Just for sake of completeness - if the authentication_mode stays at "API_AND_CONFIG_MAP" (which is fine), any changes to IAM roles for the managed nodegroup(s) or Fargate profile(s) in the cluster (updates, additions, etc.) - EKS will continue to automatically upsert entries into the aws-auth ConfigMap. In the scenario above, you saw that the ConfigMap was entirely removed from the cluster - but any of the described changes will cause the aws-auth ConfigMapto be re-created by EKS. If you want to avoid this entirely, you can change theauthentication_modeto"API"and only access entries will be used, and EKS will no longer make any modifications to theaws-auth` ConfigMap

Feb 09 '24 22:02 bryantbiggs

I'm running into the same issues and reading all of this doesn't clear up what is happening.
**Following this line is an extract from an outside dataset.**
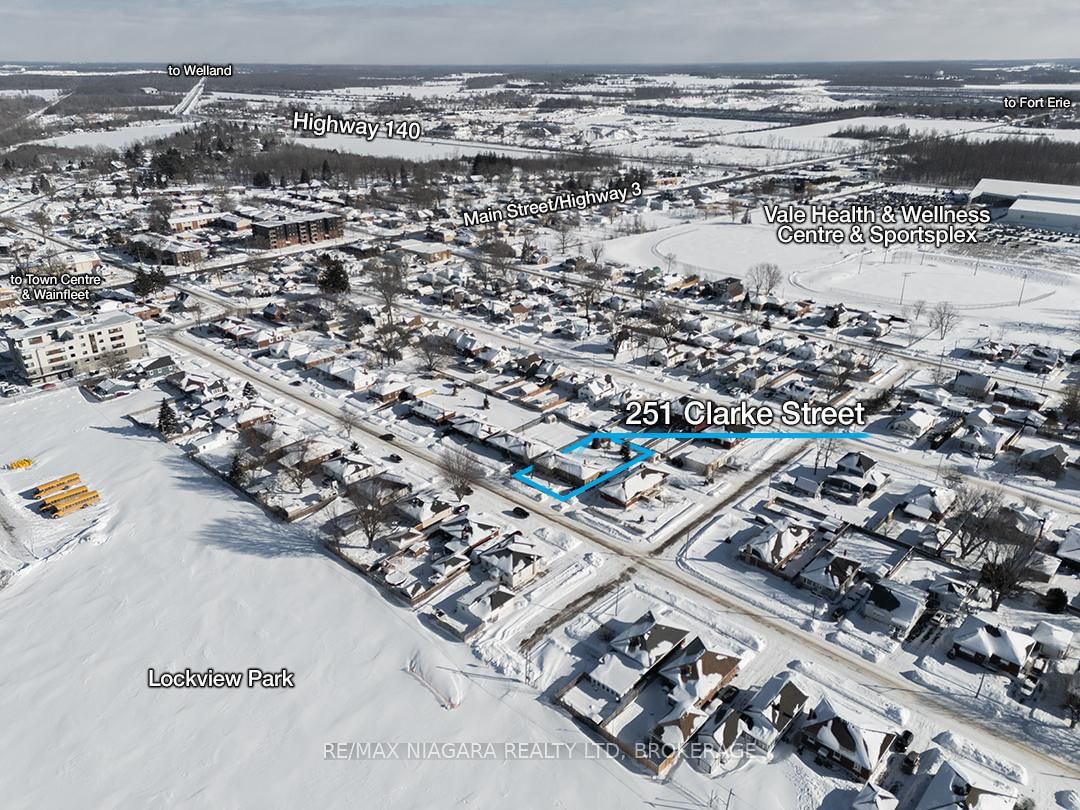 Well-maintained, move-in ready 3-bedroom, 2-bathroom brick bungalow set on a generous 66' x 124' lot in a family friendly Port Colborne location. The Bungalow on 251 Clarke Street has 3 bedrooms, 2 bathrooms, and is located on a 124 x 66 ft loton < .50 acres in the community of Killaly East .The home is carpet-free with hardwood and ceramic floors throughout the mainfloor. A direct door from the kitchen provides easy access to the backyard - perfect for BBQs. The basement adds valuable living space with a nice, finished rec room and a separate workshop complete with built-in cupboards. The private, fenced backyard features a covered patio, raised garden beds, perennial gardens, and a custom-built shed with steel roof-ideal for storage or projects. Key updates to this well-cared for home include newer paved driveway and resurfaced walkways (2024), updated main floor windows, high-efficiency furnace, central air, recently added attic insulation, central vac, and gutter guards. Lakeshore Catholic High School and the Vale Centre with parks and walking trails, are both nearby and Port Colborne Beaches and the Marina are just a few minutes away. Hwys #3 and #140 are right around the corner giving quick and easy access to Welland, North Niagara and Fort Erie.

I've run the migration from v19 to v20 using the migration fork and the fargate pods are starting correctly. However now that I'm back on the standard eks module source with the version set to ~>20.0 a terraform plan is saying it would like to destroy the module.eks.kubernetes_config_map_v1_data.aws_auth[0] resource. I did see in the 20.x upgrade documentation that instead of letting terraform destroy that resource it should be removed from the state so no disruptions occur. In my case it wants to remove the karpenter and the initial-eks-node-group roles. The 20.x upgrade documentation says it automatically adds access for managed node groups and fargate, which karpenter is running in Fargate. If that statement is true why do we need to leave the resources that were created by module.eks.kubernetes_config_map_v1_data.aws_auth[0] around?

Any help clarifying this would greatly appreciated.

Feb 10 '24 05:02 aaron-ballard-530

If that statement is true why do we need to leave the resources that were created by module.eks.kubernetes_config_map_v1_data.aws_auth[0] around?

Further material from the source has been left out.